Tıp tarihi gözünden “Şamanlar ve Mitler” sergisi

Yazan
Dr. Öğr. Üyesi Müge Demir
Hacettepe Üniversitesi Tıp Ffakültesi Tıp Tarihi ve Etik Ana Bilim Dalı

Benim Şamanizm serüvenimin başlangıç noktası Hacettepe Üniversitesi Tıp Fakültesi birinci sınıf öğrencilerine verdiğim tıp tarihi dersi dersleriydi. En sevdiğim yazarlardan biri olan Buket Uzuner’in Uyumsuz Defne Kaman’ın Maceraları: Su, Toprak ve Hava eserlerinin ana kahramanı, eczacı Umay Bayülgen’in torunu aktivist gazeteci Defne Kaman’dır. İçinde Anadolu’yu, Şamanlığı barındıran bu kitaplar Şamanizm serüvenimin ikinci nirengi noktasıdır.

Öğrencilerime Türk Tıp Tarihini anlatmaya Şamanizm’den başlarım. Şamanizm’in aslında animizmi, yani evrende var olan canlı cansız her nesnenin bir ruhu olduğuna inanmayı temel alan bir inanç biçimi; bazı araştırmacılar için bir din, bazıları için ritüeller pratiği olduğunu anlatırım. Şamanlar insanlarla evrendeki bu ruhlar arasındaki bir elçi, bir aracıdır. Sıradan insanlar ruhlarla iletişim kuramadığından şaman, topluluk için önemli birisidir. Nazar değmesin diye kulak memesini çekiştirip tahtaya vurmak, belli ağaçların parçalarını nazarlık olarak üstümüzde taşımak, lohusa kadına kırmızı kurdele takmak, Hıdırellez’de ateşten atlamak gibi kadim kökleri olan Şaman ritüellerinin günümüzdeki izlerini öğrencilerle konuşmak beni çok mutlu eder. Şamanizmi konuşurken kendimi bu topraklara, bu topluma, Anadolu’ya ait hissederim.
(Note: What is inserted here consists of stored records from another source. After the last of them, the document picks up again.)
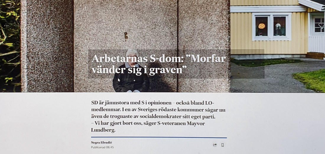 Ska bli intressant att se om siffrorna får ytterligare fart efter att S i Hudiksvall uteslutit Nina Bucchardt en mångårig nämndordförande sedan hon berättat att hon älskade SD riksdagsmannen Johnny Skalin. Hur var det mantrat löd ” allas lika värde”
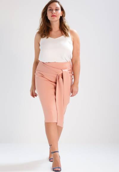Pudrowo-różowa spódnica z wyszczuplającym wiązaniem – Missguided plus, 83,30 zł
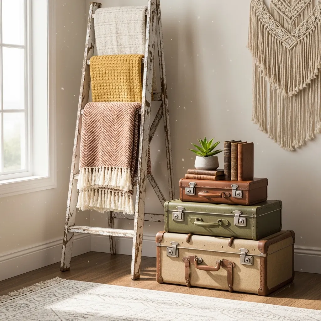 Scouring flea markets for one-of-a-kind pieces is half the fun. An old wooden ladder becomes a quirky blanket rack. A vintage suitcase stacks up as a unique side table. A weathered picture frame can hold a piece of fabric as art. These pieces add soul and history that new items just can’t replicate.

Ankara’da Erimtan Arkeoloji ve Sanat Müzesi’nde “Şamanlar ve Mitler” sergisi 28 Nisan – 30 Aralık 2018 tarihleri arasında sanatseverlerle buluştu. Ben de 20 Kasım salı günü turun başlama saatinden yarım saat önce heyecanla müzedeydim. En alt kata indim ve rehberli tur başlamadan önce sergiyi tek başıma gezdim.
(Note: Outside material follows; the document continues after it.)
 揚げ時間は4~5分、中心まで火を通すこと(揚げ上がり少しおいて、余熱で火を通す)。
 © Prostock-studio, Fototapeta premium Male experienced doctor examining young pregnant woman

Serginin iki ana odağı var; Şamanlar ve Mitler. Mitler kısmında yer alan Adem ile Havva, Şahmeran çok güzeldi. Bir yüzünde Havva, diğer yüzünde Adem olan bu büyük mermer heykelin tam ortasında yılan şeklinde bir boşluk vardı. Bu boşluğun tam karşısında durduğunuzda salonun karşı köşesinde yer alan yılan heykeli tam bu boşluğa denk geliyordu. İki ayrı köşe, iki ayrı heykel ama bir bütün gibi. Sağlık sembolü olarak kullanılan yılan, tıp tarihinin önemli bir figürüdür. Sağlık tanrısı Asklepion’un asasına sarılı yılan, eczacılığın sembolü olarak kullanılan kâseye sarılı yılan gibi. Lakin beni asıl çarpan Şamanlardı.  
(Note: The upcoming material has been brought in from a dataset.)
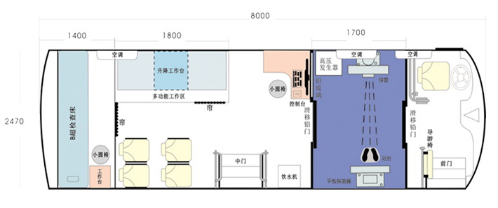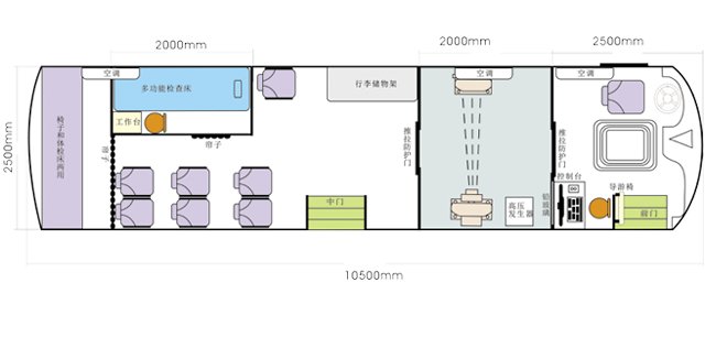 DR體檢車立鉛防護室,把DR鉛防護室安裝體檢車中心,圖像數字化處理成像準確。比醫(yī)院的科室DR便捷,而且有相當不錯的抗震效果,在生產DR車的時候,考慮到車載DR較科室DR功率略小,在體檢車上定制車載DR能高效完成放射類體檢項目。其放射X劑量少很多,也讓移動體檢車在行駛過程中更安全。采用三層以上噴涂噴砂技術、防銹防腐、光亮鈀漆技術。

Gözüme ilk çarpan duvara tutturulmuş metal levhalardı. Her levhanın yanında dans eden siyah beyaz erkek şaman resimleri vardı. Resmin yanındaki metal levhanın düz yüzeyine kesiklerle bu figür nakşedilmişti. Arkasında yer alan delikli metal levhadan ise bu figürün gölgesi görünüyordu. İşte dedim; ruhlarla iletişim kurmak için dans eden şaman ruhu burada.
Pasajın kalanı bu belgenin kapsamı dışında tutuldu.